A bit of a newbie question, but trying to understand feasibility of LSA

mattyterm

unread,

Jun 21, 2016, 5:55:29 PM6/21/16

to gensim

I'm a bit new to gensim and LSA/LDA generally having taken a text mining class last year. I did due diligence and read the tutorials and many of the docs.

I'm trying to work on a project with the yelp dataset mining user reviews. I'm curious if I can use LSA to topic model sub-collections of the review sets to determine more narrowly tailored topic sets. (LDA is a totally different question, but I want to focus on LSA first)

For example. Running LSA on all reviews identifies many different reviews across Restaurants, Doctors Offices, etc etc.

I'm sure I could use LSA on just one of those segments (inputting only documents already classified as Restaurants for example) to get topics only for that subsection.

My question is at what point would might I reach an impasse as I delve down deeper into the subcategories. For example, Let's say I wanted to use LSA to determine topics only for Restaurants/Foodtrucks and I only feed it those reviews. Is there a certain threshold I MUST have in terms of number of reviews to derive meaningful output?

Also, as the total number of documents included in the models for these sub categories drops, should the number of LSI topics be reduced as well? Radim says that, "For the toy corpus above we used only 2 latent dimensions, but on real corpora, target dimensionality of 200–500 is recommended as a “golden standard”" But I imagine that wouldn't be true if once you got down to a subcategory like Foodtrucks and there were only several thousand reviews.

So to summarize 1) how many documents are needed for LSA to be minimally viable, and 2) what are some best practice suggestions when the total number of documents approaches that threshold.

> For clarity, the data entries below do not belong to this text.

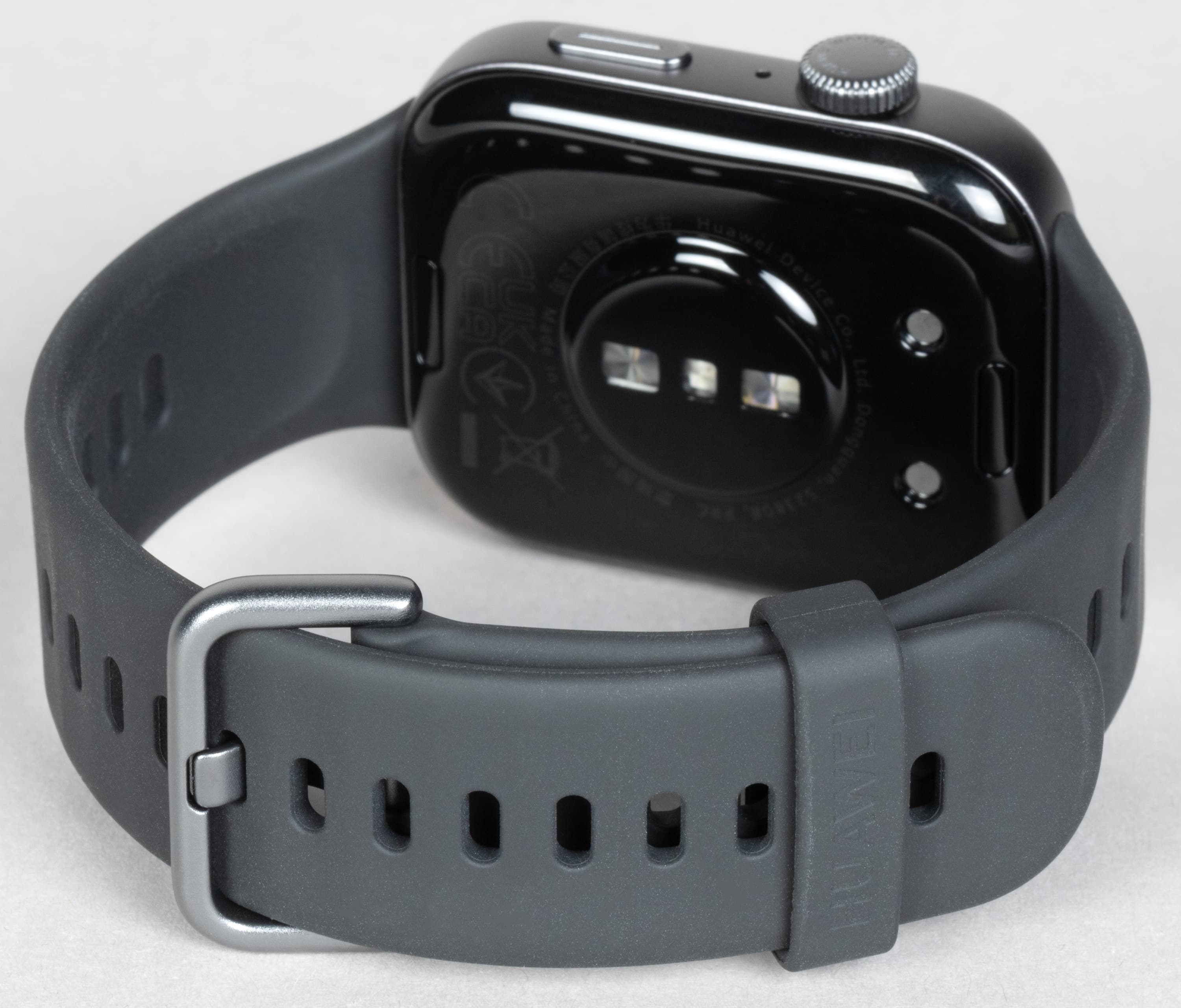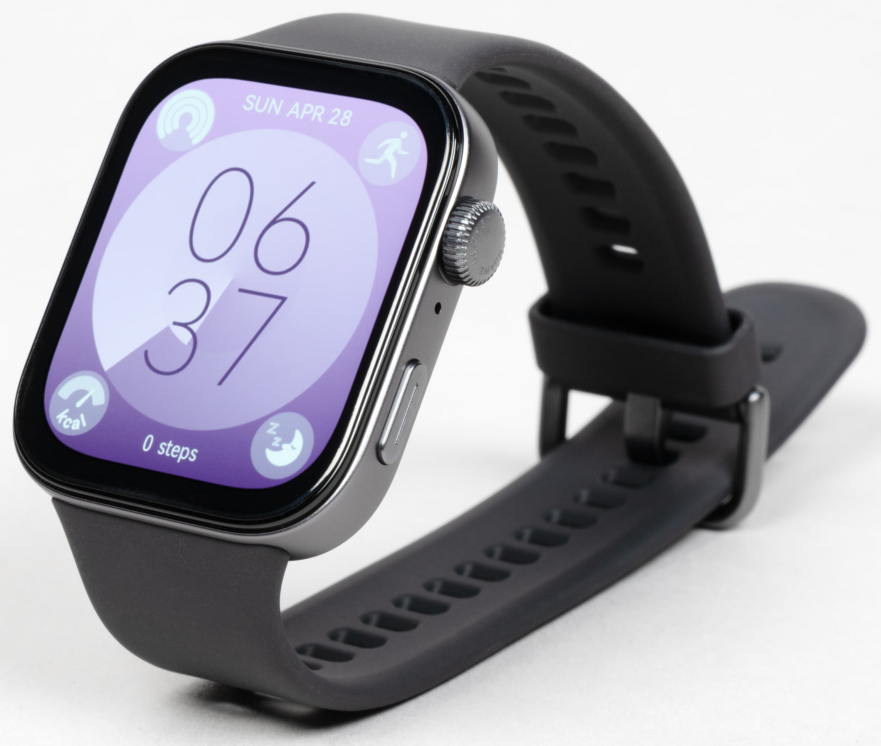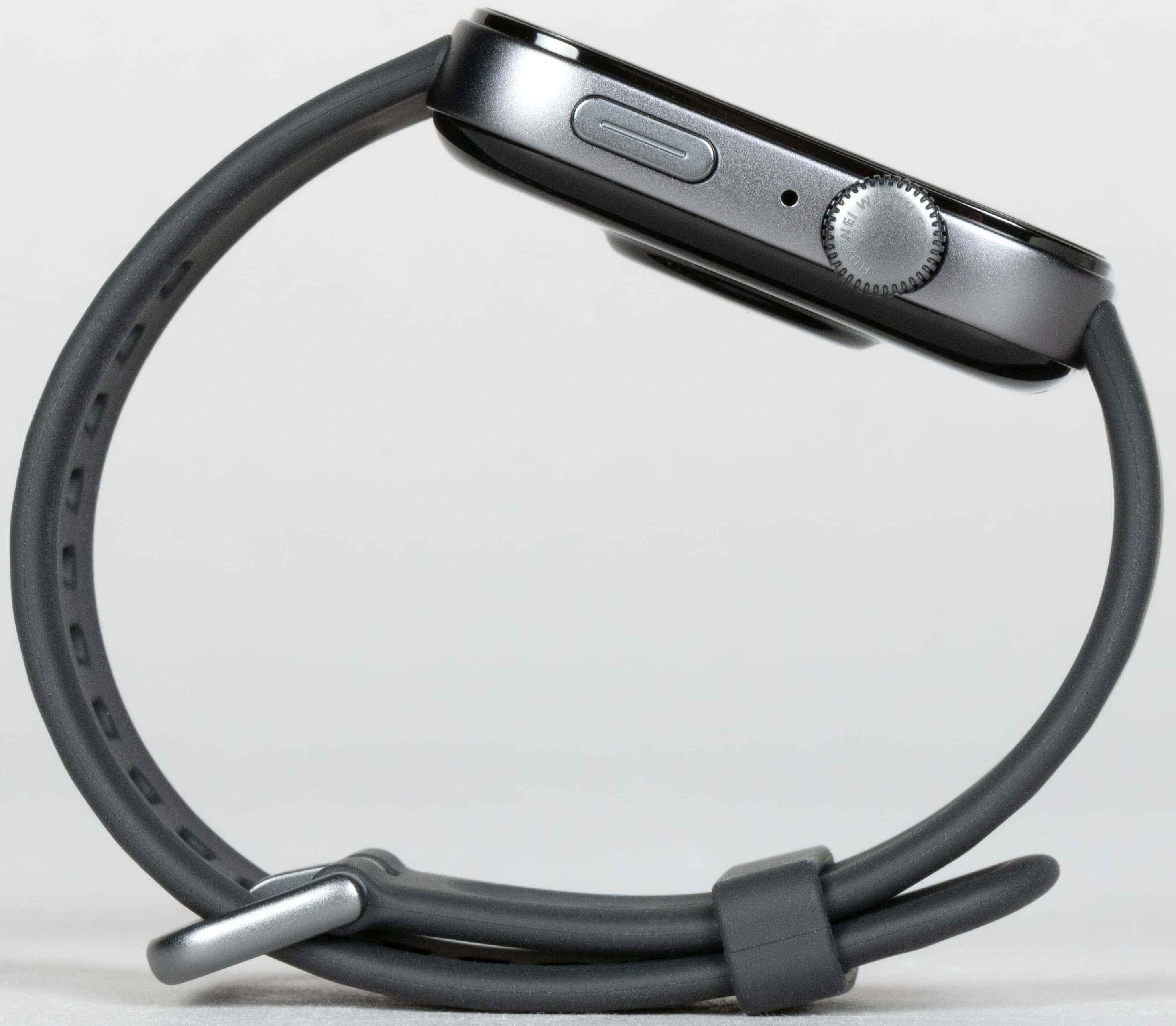 Сразу после анонса многие пользователи стали указывать на явное сходство дизайна часов с Apple Watch. Что ж, не поспоришь: прямоугольный корпус со скругленными углами, две кнопки справа (одна продолговатая, другая круглая, с возможностью нажатия и прокрутки)... И даже ремешок здесь крепится внешне очень похожим образом.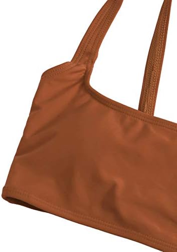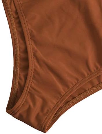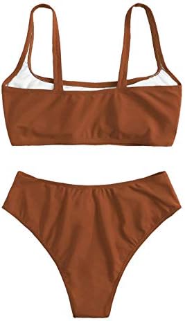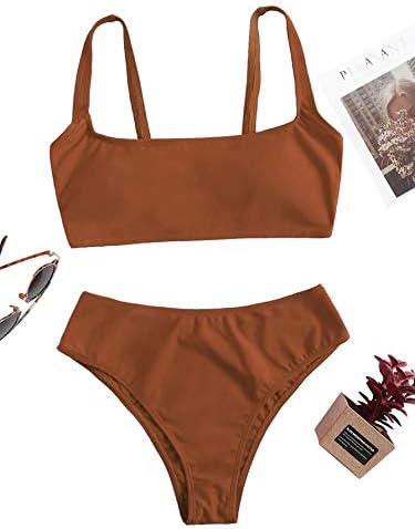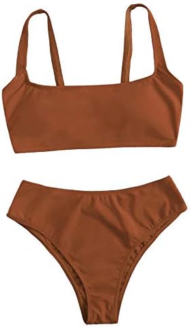 SweatyRocks Women's Swimwear Set Solid Scoop Neck High Waisted Bikini Swimsuits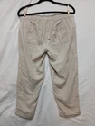 Elevate your wardrobe with these stylish Old Navy women's pants. Made from a comfortable and breathable blend of rayon, viscose, and linen, these pants feature an elastic waistband and cuffed legs for a flattering fit. The beige color and solid pattern make them perfect for any occasion, whether it's for travel, workwear, or casual outings. The pants also come with pockets, adding both functionality and style to your outfit. These cropped pants have a mid-rise fit and a tapered leg style, giving them a chic and modern look. They are perfect for the summer, fall, and spring seasons and are machine washable for easy care. The pants are part of the Old Navy A Stones Throw collection and are available in size M. Get your hands on these versatile and comfortable pants today!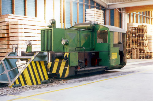 02.06.2003/ ak/ Diese Firma liegt ebenfalls im Karlsruher Rheinhafen und beschäftigt sich mit dem Im- und Export von Holz. Zum Verschub ist eine grün lackierte Köf II vorhanden, die am Besuchstag betätigungslos in einer großen Lagerhalle stand. Die Lok, übrigens Vorbild für ein N-Modell der Firma Arnold, macht einen gepflegten Eindruck.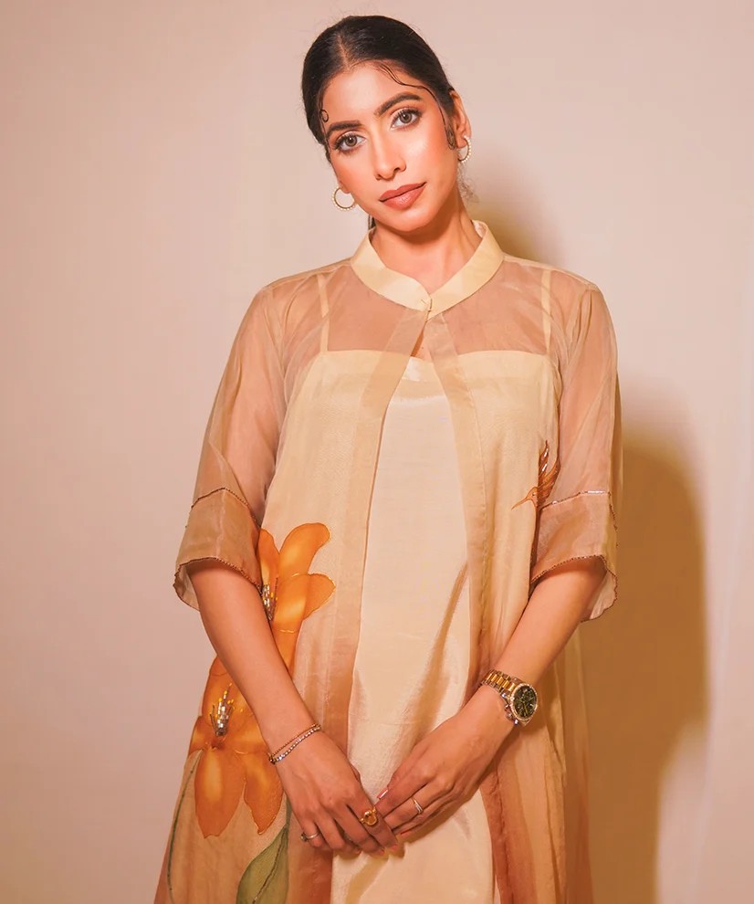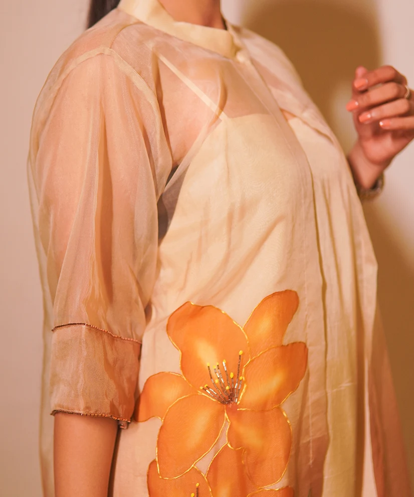 This elegant kurta set features a sheer organza shrug in a warm apricot-beige tone, layered over a cotton silk kurta and pants. Adorned with hand-painted floral motifs on one panel and a delicate kingfisher bird on the other, it beautifully blends artisanal craftsmanship with contemporary elegance. Light, graceful, and effortlessly stylish, this ensemble is ideal for light festive occasions and intimate day or evening gatherings.

Broad strokes, or further reading suggestions welcomed. Again, I'm a student and want to understand this stuff.

Thanks!

Lev Konstantinovskiy

unread,

Jun 21, 2016, 8:54:41 PM6/21/16

to gensim

Hi Mattyterm

This really depends on your specific corpus. You can easily see it for yourself. LSI and LDA are quick to run and analyse with PyLDAVis, topic coherence(new gensim feature, see PR) and perplexity.

Just try and see how it works in your case.

Regards
Lev

Radim Řehůřek

unread,

Jun 21, 2016, 9:58:53 PM6/21/16

to gensim

Hi Matt,

for LSA, the topics are nested and there is no lower or upper limit. This means that if you compute 10 topics, and then 100 topics (on the same training corpus), the 10 topics will be just a prefix of the 100 topics = the first ten. You can inspect how much variance of your data topic `i` captures by `lsi.projection.s[i]` (higher `s[i]` = higher singular value for topic #i = more variance captured).

Also, for LSA, the more topics you have, the closer the topical representation is to plain tf-idf. Ultimately, once #topics = min(#features, #train_docs), tf-idf and LSA become equivalent. So it's not really the case that "more topics is always better"; the #topics cut-off point, which is usually between 200-500, is application-dependent.

For LDA, the topics are not composable/nested like that, and intuition is much less geometric and hazier. I find that hundreds of documents per topics can be enough, as long as they are focused (consistent word co-occurrence patterns) and the text is well preprocessed.

HTH,

Radim

mattyterm

unread,

Jun 22, 2016, 6:14:41 AM6/22/16

to gensim

Both excellent, enlightening answers, thank you so much. I'm really looking forward to working with gensim, and will be participating in the community. Thanks again!

J

mattyterm

unread,

Jul 28, 2016, 7:55:25 PM7/28/16

to gensim

Lev,

I've gotten PyLDAVis working for my LDA models, but have been less successful trying to do that with LSI. Is LSI possible to visualize with PyLDAVis? Any insights will be helpful and sorry if I'm missing something obvious.

Best,

Justin

Bhargav Srinivasa

unread,

Jul 29, 2016, 1:53:50 AM7/29/16

to gensim

Hello,

How exactly are you going about visualising LSI with pyLDAvis? Are you getting stuck setting it up or are you not getting satisfactory results?

mattyterm

unread,

Jul 29, 2016, 6:59:09 AM7/29/16

to gensim

I imagine I'm messing something up. pyLDAvis doesn't seem to be documented as well as gensim, so it has been trial and error.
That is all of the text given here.